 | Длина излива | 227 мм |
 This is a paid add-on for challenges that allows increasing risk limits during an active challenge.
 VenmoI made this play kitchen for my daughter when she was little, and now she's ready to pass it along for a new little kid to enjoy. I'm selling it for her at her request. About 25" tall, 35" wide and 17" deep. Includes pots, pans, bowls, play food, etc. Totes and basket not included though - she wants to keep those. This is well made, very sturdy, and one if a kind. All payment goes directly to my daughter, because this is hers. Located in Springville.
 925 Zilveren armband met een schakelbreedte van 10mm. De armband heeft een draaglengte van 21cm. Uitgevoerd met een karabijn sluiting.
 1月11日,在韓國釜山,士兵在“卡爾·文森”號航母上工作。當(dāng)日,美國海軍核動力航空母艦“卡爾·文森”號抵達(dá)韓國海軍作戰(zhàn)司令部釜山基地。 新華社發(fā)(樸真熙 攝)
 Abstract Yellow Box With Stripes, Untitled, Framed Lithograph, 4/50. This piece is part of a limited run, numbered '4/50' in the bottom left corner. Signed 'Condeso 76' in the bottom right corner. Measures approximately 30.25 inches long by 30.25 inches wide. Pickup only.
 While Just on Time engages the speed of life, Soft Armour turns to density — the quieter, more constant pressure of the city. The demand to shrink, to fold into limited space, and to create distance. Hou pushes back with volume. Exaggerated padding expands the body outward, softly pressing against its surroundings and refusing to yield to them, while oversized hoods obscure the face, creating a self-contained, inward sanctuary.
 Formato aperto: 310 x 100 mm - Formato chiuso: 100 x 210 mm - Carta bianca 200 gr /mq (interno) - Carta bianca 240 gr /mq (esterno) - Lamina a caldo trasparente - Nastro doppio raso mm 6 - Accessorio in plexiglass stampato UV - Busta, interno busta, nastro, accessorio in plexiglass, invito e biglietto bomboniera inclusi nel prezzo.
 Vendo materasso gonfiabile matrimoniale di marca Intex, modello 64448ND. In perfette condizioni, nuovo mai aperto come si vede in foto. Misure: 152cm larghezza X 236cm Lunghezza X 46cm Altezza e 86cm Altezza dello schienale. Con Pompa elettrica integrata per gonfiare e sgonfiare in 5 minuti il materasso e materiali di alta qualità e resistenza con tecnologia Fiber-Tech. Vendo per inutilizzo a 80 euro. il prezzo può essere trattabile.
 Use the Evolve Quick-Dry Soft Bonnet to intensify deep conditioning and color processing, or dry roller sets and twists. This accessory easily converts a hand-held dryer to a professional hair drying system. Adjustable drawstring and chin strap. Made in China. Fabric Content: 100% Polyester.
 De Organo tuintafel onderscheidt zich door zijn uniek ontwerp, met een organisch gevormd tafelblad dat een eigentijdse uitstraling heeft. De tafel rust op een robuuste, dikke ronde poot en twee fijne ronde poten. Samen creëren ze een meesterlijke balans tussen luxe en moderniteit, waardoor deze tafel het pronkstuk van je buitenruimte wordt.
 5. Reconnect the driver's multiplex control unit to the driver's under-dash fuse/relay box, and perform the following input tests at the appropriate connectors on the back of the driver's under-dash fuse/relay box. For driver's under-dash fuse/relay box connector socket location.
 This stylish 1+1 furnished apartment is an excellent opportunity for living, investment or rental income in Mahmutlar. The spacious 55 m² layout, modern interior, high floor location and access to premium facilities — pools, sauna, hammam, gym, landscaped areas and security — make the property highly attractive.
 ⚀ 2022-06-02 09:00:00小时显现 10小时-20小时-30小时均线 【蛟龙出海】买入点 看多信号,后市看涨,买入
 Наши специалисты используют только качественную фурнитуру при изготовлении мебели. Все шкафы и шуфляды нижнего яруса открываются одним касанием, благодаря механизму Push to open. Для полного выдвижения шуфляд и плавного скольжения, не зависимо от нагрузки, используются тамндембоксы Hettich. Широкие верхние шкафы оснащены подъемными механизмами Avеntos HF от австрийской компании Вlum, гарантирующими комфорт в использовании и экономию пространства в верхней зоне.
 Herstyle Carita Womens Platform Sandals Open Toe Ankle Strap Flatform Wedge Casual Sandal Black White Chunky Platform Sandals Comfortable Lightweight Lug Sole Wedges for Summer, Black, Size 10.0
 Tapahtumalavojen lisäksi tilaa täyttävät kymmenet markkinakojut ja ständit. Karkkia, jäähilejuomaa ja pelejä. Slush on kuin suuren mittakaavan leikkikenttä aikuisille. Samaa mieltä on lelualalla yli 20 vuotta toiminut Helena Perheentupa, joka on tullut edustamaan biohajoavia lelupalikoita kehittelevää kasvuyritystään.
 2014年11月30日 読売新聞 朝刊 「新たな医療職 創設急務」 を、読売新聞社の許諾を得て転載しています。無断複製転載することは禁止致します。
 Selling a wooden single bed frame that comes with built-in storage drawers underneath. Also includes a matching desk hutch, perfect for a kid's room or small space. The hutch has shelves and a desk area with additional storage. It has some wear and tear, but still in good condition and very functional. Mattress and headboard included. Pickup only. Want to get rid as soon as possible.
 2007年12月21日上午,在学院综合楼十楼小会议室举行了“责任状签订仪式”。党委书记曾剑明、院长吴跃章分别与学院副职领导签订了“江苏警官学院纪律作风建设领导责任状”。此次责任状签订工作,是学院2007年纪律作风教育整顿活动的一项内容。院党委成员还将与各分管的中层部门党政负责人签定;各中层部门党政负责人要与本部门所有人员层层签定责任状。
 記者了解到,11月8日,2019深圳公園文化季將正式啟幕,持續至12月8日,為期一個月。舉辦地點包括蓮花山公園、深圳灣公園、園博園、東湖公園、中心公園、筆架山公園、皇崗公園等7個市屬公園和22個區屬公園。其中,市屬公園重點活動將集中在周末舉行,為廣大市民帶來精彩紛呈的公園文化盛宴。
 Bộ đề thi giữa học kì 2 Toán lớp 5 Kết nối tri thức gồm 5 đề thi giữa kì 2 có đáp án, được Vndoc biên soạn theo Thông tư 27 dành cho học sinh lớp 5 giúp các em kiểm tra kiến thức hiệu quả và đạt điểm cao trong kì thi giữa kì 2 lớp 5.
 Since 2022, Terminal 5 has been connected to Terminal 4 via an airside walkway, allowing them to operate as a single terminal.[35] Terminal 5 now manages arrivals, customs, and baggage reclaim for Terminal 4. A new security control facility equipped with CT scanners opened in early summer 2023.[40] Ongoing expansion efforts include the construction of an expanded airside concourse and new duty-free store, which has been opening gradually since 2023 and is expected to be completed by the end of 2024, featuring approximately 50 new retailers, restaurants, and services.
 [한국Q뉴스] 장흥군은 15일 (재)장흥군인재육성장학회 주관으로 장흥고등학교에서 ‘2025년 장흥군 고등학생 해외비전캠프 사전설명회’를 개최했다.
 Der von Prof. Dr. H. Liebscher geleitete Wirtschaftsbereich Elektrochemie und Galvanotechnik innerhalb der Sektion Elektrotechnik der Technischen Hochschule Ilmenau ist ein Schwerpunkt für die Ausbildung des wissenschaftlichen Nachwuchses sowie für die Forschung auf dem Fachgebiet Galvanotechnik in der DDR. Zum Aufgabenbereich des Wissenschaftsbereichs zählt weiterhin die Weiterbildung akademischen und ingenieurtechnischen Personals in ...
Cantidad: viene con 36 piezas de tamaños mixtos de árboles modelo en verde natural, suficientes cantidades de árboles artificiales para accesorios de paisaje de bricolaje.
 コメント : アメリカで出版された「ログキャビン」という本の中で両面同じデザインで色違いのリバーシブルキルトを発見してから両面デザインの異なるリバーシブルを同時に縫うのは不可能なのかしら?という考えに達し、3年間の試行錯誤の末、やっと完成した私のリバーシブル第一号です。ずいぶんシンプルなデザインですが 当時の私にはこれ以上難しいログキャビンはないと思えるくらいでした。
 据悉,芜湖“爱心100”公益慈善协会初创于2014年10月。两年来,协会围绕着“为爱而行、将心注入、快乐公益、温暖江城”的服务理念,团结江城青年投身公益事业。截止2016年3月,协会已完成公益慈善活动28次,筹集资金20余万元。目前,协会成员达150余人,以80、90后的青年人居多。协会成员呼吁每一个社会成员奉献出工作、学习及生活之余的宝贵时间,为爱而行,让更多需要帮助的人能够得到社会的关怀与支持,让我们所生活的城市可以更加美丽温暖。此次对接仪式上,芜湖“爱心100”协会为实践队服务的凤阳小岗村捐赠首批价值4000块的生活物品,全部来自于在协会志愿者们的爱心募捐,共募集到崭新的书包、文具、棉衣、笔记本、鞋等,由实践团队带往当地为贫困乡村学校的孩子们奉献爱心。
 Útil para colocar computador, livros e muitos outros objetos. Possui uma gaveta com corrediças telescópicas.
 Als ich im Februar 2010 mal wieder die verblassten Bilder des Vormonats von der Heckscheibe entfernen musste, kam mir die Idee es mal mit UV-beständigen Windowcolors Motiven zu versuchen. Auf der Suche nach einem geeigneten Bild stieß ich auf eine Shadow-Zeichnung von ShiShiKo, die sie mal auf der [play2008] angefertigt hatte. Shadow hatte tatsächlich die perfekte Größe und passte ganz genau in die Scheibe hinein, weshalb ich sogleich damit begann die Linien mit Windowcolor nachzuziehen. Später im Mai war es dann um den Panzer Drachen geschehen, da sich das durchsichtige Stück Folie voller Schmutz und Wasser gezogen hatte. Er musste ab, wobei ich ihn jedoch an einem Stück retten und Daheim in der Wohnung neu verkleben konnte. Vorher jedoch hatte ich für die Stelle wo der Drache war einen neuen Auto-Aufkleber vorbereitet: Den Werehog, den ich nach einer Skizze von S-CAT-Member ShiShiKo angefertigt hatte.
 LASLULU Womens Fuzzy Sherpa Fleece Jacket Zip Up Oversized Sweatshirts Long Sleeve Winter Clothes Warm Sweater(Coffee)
——
What you are asked to do:
Give the number of lines above containing the word "para", with no other text.

Written solution:
2